Cuban psychologists also have a favorable reputation among the citizenry, Roca says. His enthusiasm is evident on the videotape: his fingertips pound the table to emphasize his belief in the relatively healthy emotional state of the citizenry.

'The mental health and intelligence of the Cuban people has increased substantially in the last 40 years,' he says, with an uneasy yet earnest look. 'I'm sure about that. In the 1990s [when the Soviet bloc fell and Moscow's financial support all but disappeared], the economic situation has become very difficult. But people continue being inspired, motivated.'

Gold bars

But both Roca and Martinez emphasized a dire need for modern resources. They currently use outdated psychological assessment instruments, Martinez says. Lab equipment is archaic. Access to the Internet is sporadic because the computer technology works so erratically. Professors even need such simple materials as acetates, overlays and slides for audiovisual presentations.

Because of the longstanding U.S. trade embargo against Cuba, American materials are hard to come by. They usually only arrive as humanitarian donations, which are exempt from the embargo. And Cuban psychologists can't afford materials from neighboring Latin American countries.

Both psychologists were quick to express their gratitude for two crates of materials Dattilio brought from the United States.

'When I brought them books and journals, you'd have thought I'd dropped off a couple of gold bars,' Dattilio says.

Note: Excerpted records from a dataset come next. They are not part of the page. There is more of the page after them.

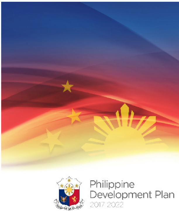
Figure 8. Philippine Development Plan 2017-2022 (GP1.1)

Source: National Economic and Development Authority, the Philippines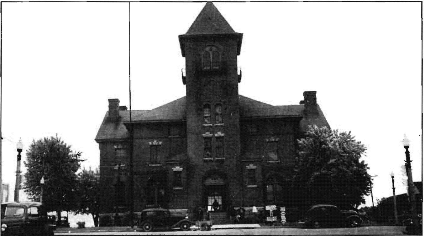
Fig. 2. Madison County Courthouse. 1899-. Architect: Theodore C. Link

originally had a cupola, which was removed in February 1838.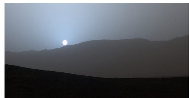
Blue Sunset on Mars

NASA's Perseverance Rover imaged a typical clear sky on Mars with characteristic red (or pink or salmon) colour.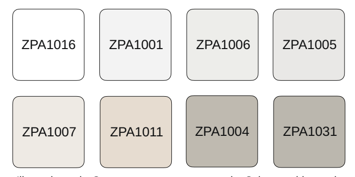
Illustration only. Contact us to request a sample. Color matching and additional colors available from our extensive color library.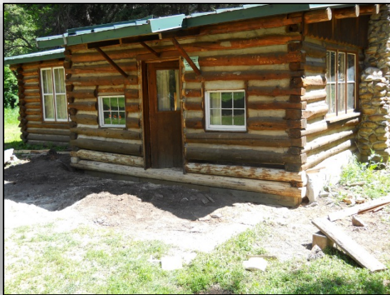
The Forests recently replaced decaying sill logs on Rilway cabin.

The Helena – Lewis & Clark National Forest has eight cabins that visitors can rent to have a rustic, yet comfortable experience in very remote areas. Renting these cabins helps retain the history of the Forest by keeping them on the landscape. Without rental and use, these cabins would almost certainly be in a state of slow decay and would eventually need to be removed as they would serve no purpose to the Forest or visitors.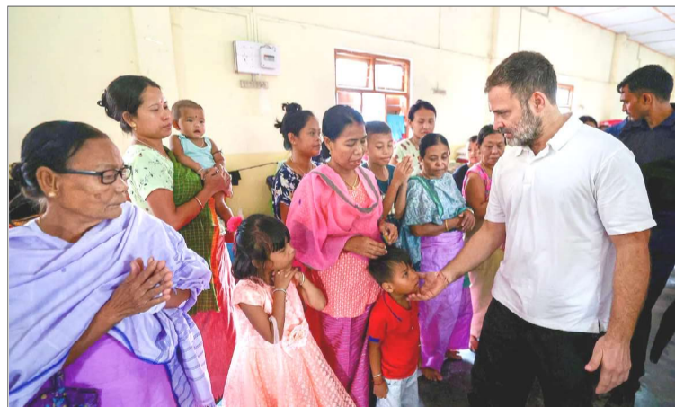
July 8, 2024 nü Congress MP aser Lok Sabha Leader of Opposition Rahul Gandhi-i Manipur nung relief camp ka semdangdang agiba noksa angur.

Imphal, July 8, 2024 (Agencies): Lok Sabha Leader of Opposition aser Congress MP Rahul Gandhi-i July 8 nü Manipur semdangogo. Manipur nung kin o kin tsüngda mepetmesü adokba sülen Rahul-i tan agi tasembenbuba atema Manipur semdang.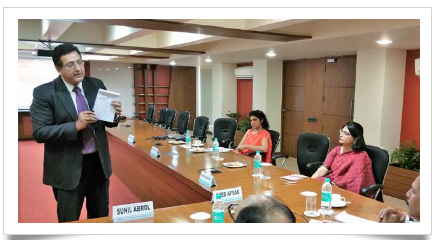
AIMA Certified Trainer (ACT) session in progress

AIMA conducted the first assessment session of AIMA Certified Trainer (ACT) after being endorsed by NOCN, UK on 7th April 2016 at New Delhi.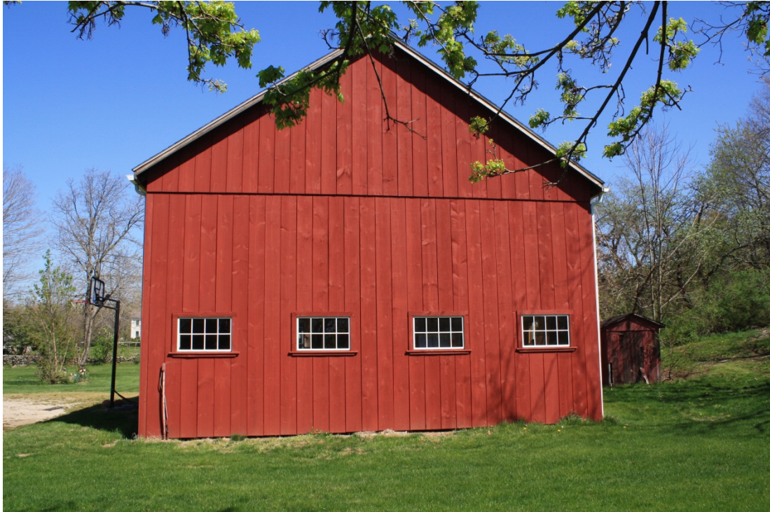
8. South gable-end of Tobacco shed, camera facing north. Note outhouse to the right.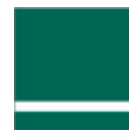
Dark Green / White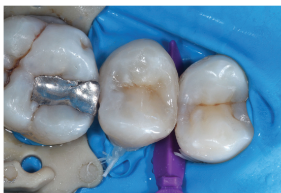
Figure 5: Separation of the masses was achieved by creating fissures down to the dentine layer and then stain was applied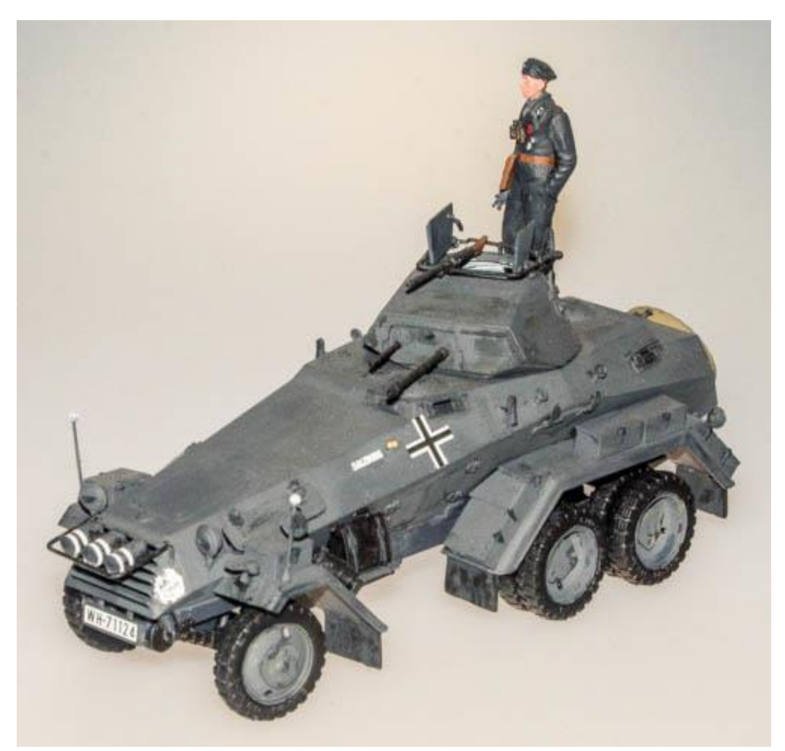
Arthur Berwick's Sd.Kfz 231 six wheeled Heavy Armored Car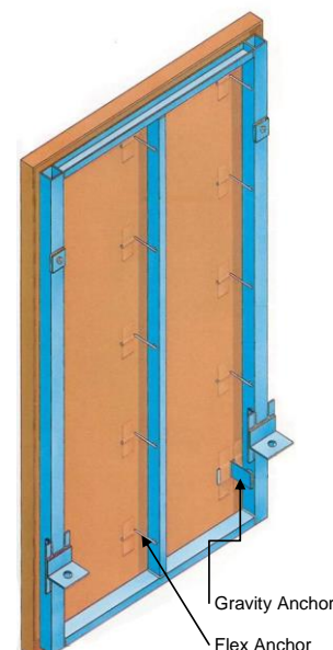
Typical stud frame fixing assembly

The methods of designing GRC façade panels are well documented, and reference can be made to the “Cem-FIL® GRC Technical Data Manual”, “PCI Recommended Practice for GFRC Panels”, and “GRCA Practical Design Guide”.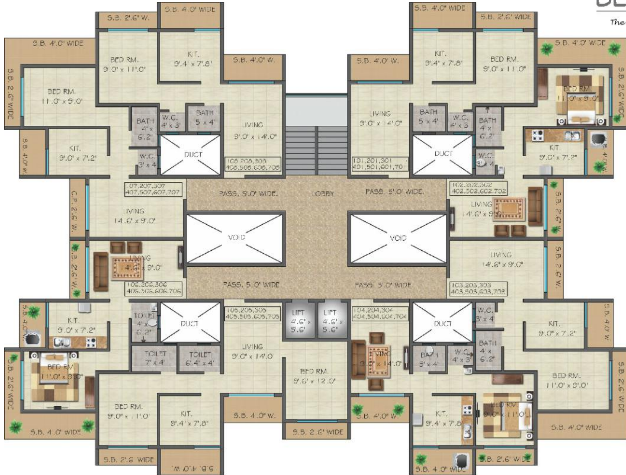
FIRST TO SEVEN TYPICAL FLOOR PLAN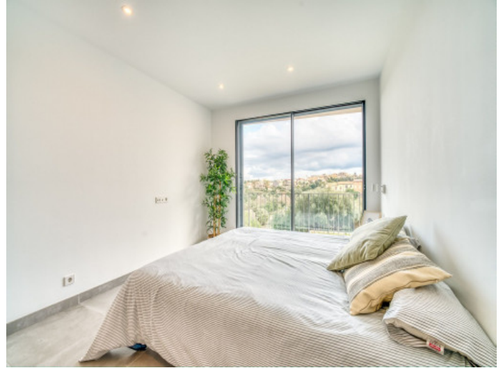
Master bedroom with bathroom en suite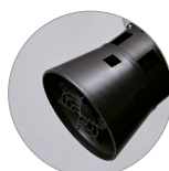
Cage bag support with floater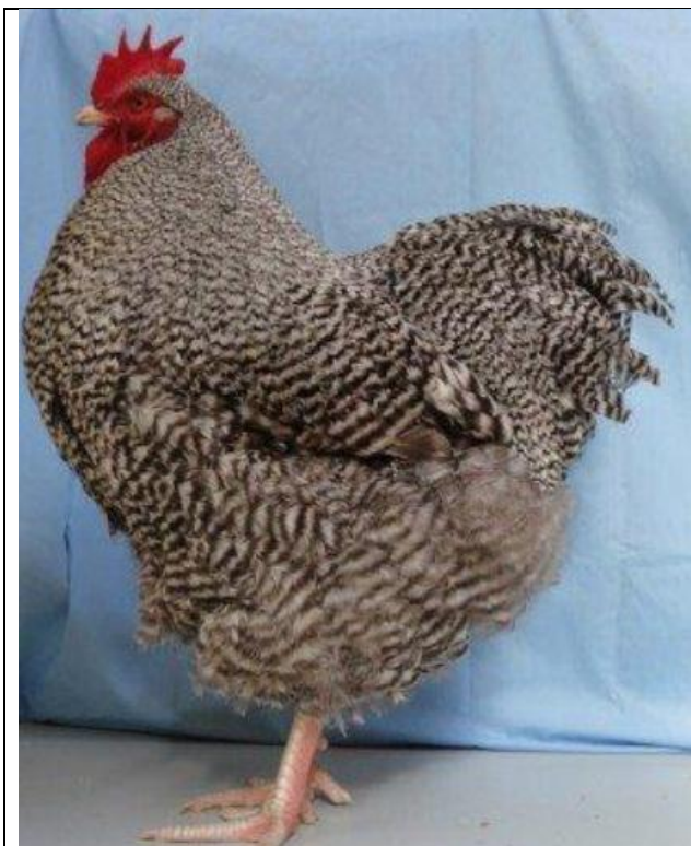
Figure 24 Ch Large Cuckoo- Waninga Orpingtons Cockerel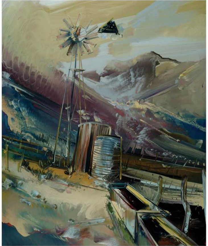
HORSE THIEF CANYON, 39X29 INCHES, OIL ON MI-TEINTES, 2007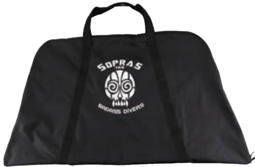
852111 Bag for Dry Suit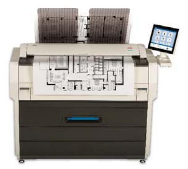
KIP 7170 multi-function system with integrated top stacking print tray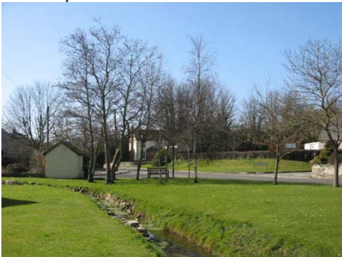
The stream running through the village green.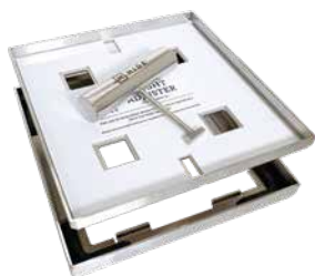
206 Access (Available in Polymer)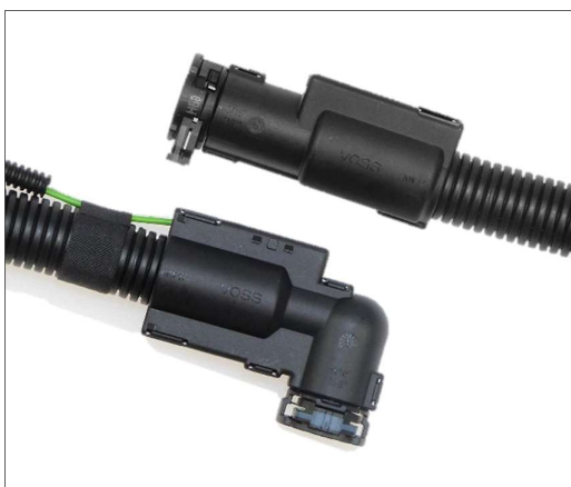
Fig. 3: VOSS quick connect system 241 N/N-SL

Dattilio's gifts may actually be some of the most current information that department has received.'[Usually] it's like you clean up your library and the books you don't want anymore, you box up and send them to us,' Martinez says. 'If we're lucky, we get the bare leftovers.'

Reflections

Dattilio, speaking with the Monitor after he returned from Havana, said he was shocked by the destitute lifestyles of Cuban health professionals. For example, women physicians told him that some of their colleagues moonlighted as prostitutes in order to draw a livable income. And he regards the Cuban psychotherapeutic approach as a manifestation of Castro's efforts to quell government criticism.

Cuban therapists are more inclined to adapt to Marxist ideals rather than focus on individual needs, says Dattilio, who has conducted many international humanitarian trips and authored six books on cognitive-behavioral therapy.

'Say a person says he has a conflict with living under Communism and toys with the idea of defecting,' Dattilio explains. 'Instead of helping them look at their options, they [psychologists] will tell them exactly how to think, how to rationalize life under Communism.'

But he also believes in the sincerity and commitment of the Cuban psychologists he met. He's grateful Roca agreed to talk to him on tape as a returned favor for the books and journals. He realizes that open dialogue with Americans is always subject to Cuban government scrutiny.

On the videotape, as the interview ends, Roca seems clearly relieved to have fulfilled the debt. Just before the camera is turned off, he smiles and lets out a heavy sigh of relief.